> **Requirement**
Once the line holding "一般配備兩臺(tái)主風(fēng)機" is found in the entries below, restate it and each line after it word for word, with no pictures.

++++ Records to process

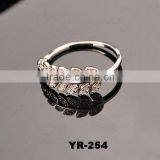 2016 Fashion Jewelry Korean Leaf Design Rhinestone Cross- Opening Ring
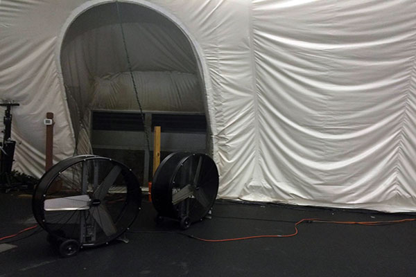 一般配備兩臺(tái)主風(fēng)機(jī),室內(nèi)需要新風(fēng)時(shí),兩臺(tái)風(fēng)機(jī)同時(shí)運(yùn)轉(zhuǎn),保證新風(fēng)量的供應(yīng),滿(mǎn)足室內(nèi)人員呼吸新鮮空氣的需要;室內(nèi)沒(méi)有人活動(dòng)時(shí),只開(kāi)一臺(tái)主風(fēng)機(jī),提供足夠的內(nèi)外氣壓差,保證氣膜建筑正常工作,同時(shí),為用戶(hù)盡量節(jié)省電能。另外配備一臺(tái)備用風(fēng)機(jī),當(dāng)主風(fēng)機(jī)發(fā)生故障時(shí),啟動(dòng)備用風(fēng)機(jī)。
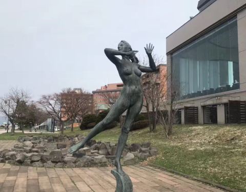 洞爷湖畔的壮瞥町、虻田町和洞爷温泉街,环绕湖畔一周,都是野外雕刻公园,据说一共是有58尊的雕像,但是住在温泉街这里大概能够看到七八尊吧。在湖畔亭温泉酒店的对面是一个胖胖的男人吹着小号,在他的脑袋上还停着一只海鸥,这也是曝光度最高的雕像之一了。总体来讲,这些雕像的主题是人与自然的和谐。
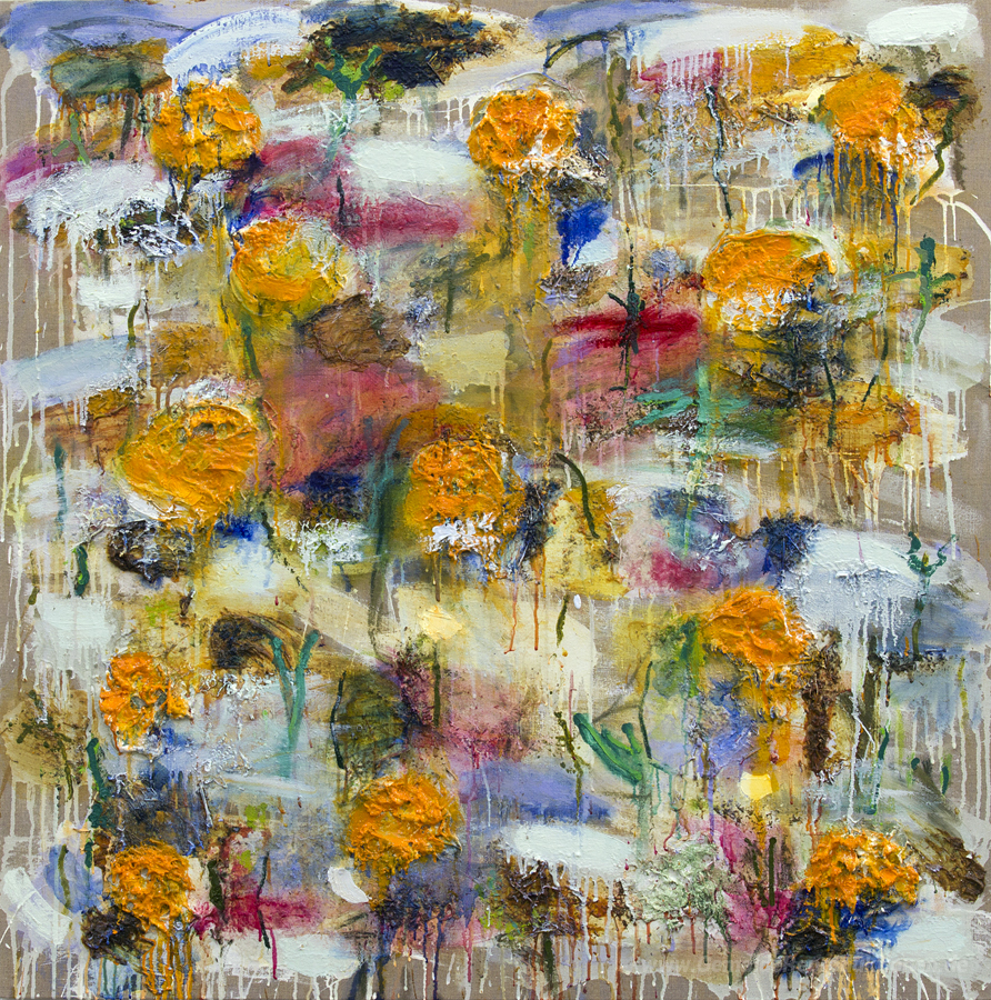 Wir bieten Ihnen eine handgefertigte Reproduktion auf Leinwand des berühmten Kunstwerks 'Kürbisfeld III' von Joan Snyder, aus dem Reproduktionsmuseum.
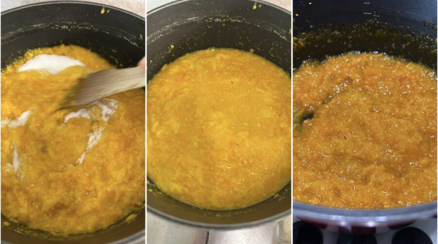 • Añade el azúcar y pon al fuego, cocinando 40 minutos desde que empiece a hervir a temperatura moderada, removiendo con frecuencia. Cuando la mermelada se haya reducido y espesado y no veas partes líquidas, puedes apagar el fuego y, una vez fría, guardar la confitura en la nevera y consumirla en unos 15 días.
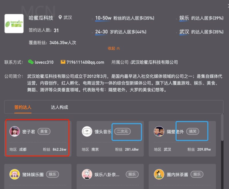 以哈密瓜科技为例,除了密子君一个800多万粉丝的吃播博主外,其余多为娱乐、情感类博主。另外包括一些比较知名的美食类大V,无忧传媒旗下的麻辣德子,洋葱视频的办公室小野等人都是其所属MCN机构中为数不多的美食类博主。
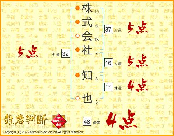 株(10画)式(6画)会(13画)社(8画) 知(8画)也(3画)
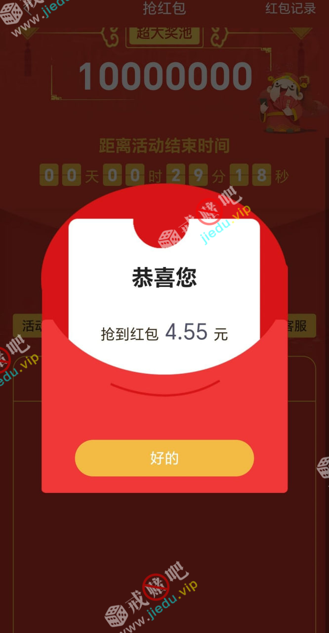 上午8-10-12点三波神秘红包,我已到了 4.55。

++++++++

> **Answer box**
 一般配備兩臺(tái)主風(fēng)機(jī),室內(nèi)需要新風(fēng)時(shí),兩臺(tái)風(fēng)機(jī)同時(shí)運(yùn)轉(zhuǎn),保證新風(fēng)量的供應(yīng),滿(mǎn)足室內(nèi)人員呼吸新鮮空氣的需要;室內(nèi)沒(méi)有人活動(dòng)時(shí),只開(kāi)一臺(tái)主風(fēng)機(jī),提供足夠的內(nèi)外氣壓差,保證氣膜建筑正常工作,同時(shí),為用戶(hù)盡量節(jié)省電能。另外配備一臺(tái)備用風(fēng)機(jī),當(dāng)主風(fēng)機(jī)發(fā)生故障時(shí),啟動(dòng)備用風(fēng)機(jī)。
 洞爷湖畔的壮瞥町、虻田町和洞爷温泉街,环绕湖畔一周,都是野外雕刻公园,据说一共是有58尊的雕像,但是住在温泉街这里大概能够看到七八尊吧。在湖畔亭温泉酒店的对面是一个胖胖的男人吹着小号,在他的脑袋上还停着一只海鸥,这也是曝光度最高的雕像之一了。总体来讲,这些雕像的主题是人与自然的和谐。
 Wir bieten Ihnen eine handgefertigte Reproduktion auf Leinwand des berühmten Kunstwerks 'Kürbisfeld III' von Joan Snyder, aus dem Reproduktionsmuseum.
 • Añade el azúcar y pon al fuego, cocinando 40 minutos desde que empiece a hervir a temperatura moderada, removiendo con frecuencia. Cuando la mermelada se haya reducido y espesado y no veas partes líquidas, puedes apagar el fuego y, una vez fría, guardar la confitura en la nevera y consumirla en unos 15 días.
 以哈密瓜科技为例,除了密子君一个800多万粉丝的吃播博主外,其余多为娱乐、情感类博主。另外包括一些比较知名的美食类大V,无忧传媒旗下的麻辣德子,洋葱视频的办公室小野等人都是其所属MCN机构中为数不多的美食类博主。
 株(10画)式(6画)会(13画)社(8画) 知(8画)也(3画)
 上午8-10-12点三波神秘红包,我已到了 4.55。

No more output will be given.